Penguin

scsi-ide is an kernel driver that provides a SCSI interface to IDE HardDisk / CD / DVD Drives. It is most commonly used for CD Burning as all burning apparently needs to be done over a SCSI interface.

Kernel support

To enable this in your kernel you must select the following options

ATA/IDE/MFM/RLL support

IDE, ATA and ATAPI Block devices

SCSI emulation support

You also need to enable generic SCSI support in your kernel.

You need the following Kernel modules, listed with their corresponding options:

SCSI generic support
sg.o, CONFIG_CHR_DEV_SG

SCSI CD-ROM support
sr.o, CONFIG_BLK_DEV_SR

SCSI support
scsi_mod.o, CONFIG_SCSI

SCSI emulation support
ide-scsi.o, CONFIG_BLK_DEV_IDESCSI

Boot parameters

Then you will need to add a line similar to the following to your lilo/grub configuration (Example is for lilo)

append="ignore=hdc,hde hdc=ide-scsi hde=ide-scsi"

This tells the kernel not to use the native IDE driver for hdc and hde and instead to use the ide-scsi driver.
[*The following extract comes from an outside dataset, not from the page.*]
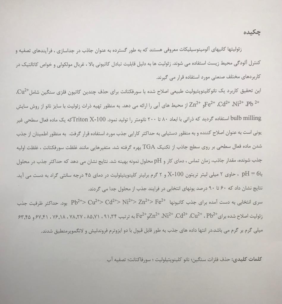 مطالعه و بررسی جداسازی یونهای فلزات سنگین و ترکیبات آلی فرار از آب با استفاده از غشاهای نانو سرامیکی در حضور یونهای مزاحم

This should give you /dev/scd0 which would be /dev/hdc otherwise /dev/scd1 which would be /dev/hde otherwise

Say your CDR is be hdc and the CDROM is hdd, then you need to add this line to your /etc/lilo.conf to boot with the necessary Kernel options
append="hdc=ide-scsi hdd=cdrom"

Module loading

Now you need to load the ide-scsi module to emulate a SCSI interface on your existing IDE CDROM drive. Add the following entries to your /etc/modules.conf
alias scd0 sr_mod # load sr_mod upon access of scd0 pre-install sr_mod modprobe -k ide-scsi # load ide-scsi before sr_mod pre-install sg modprobe -k ide-scsi # load ide-scsi before sg

In Debian Woody, these go into /etc/modutils/scsi. Running update-modules will copy them into /etc/modules.conf.

Device files

/dev/srX is the device generally used for SCSI CDROM support. On Linux, the device files are normally called /dev/scdX, and the srX devices are SymLinks. To set them all up automatically, do

  1. cd /dev && ./MAKEDEV sr

If you want to always use the ide-scsi emulation, make /dev/cdrom a symlink to /dev/sr0 and make sure /etc/fstab uses /dev/cdrom instead of /dev/hdX.

If you make ide-cd and ide-scsi both modules, you can change how the CD-ROM drive is accessed without rebooting, depending on which module is currently loaded.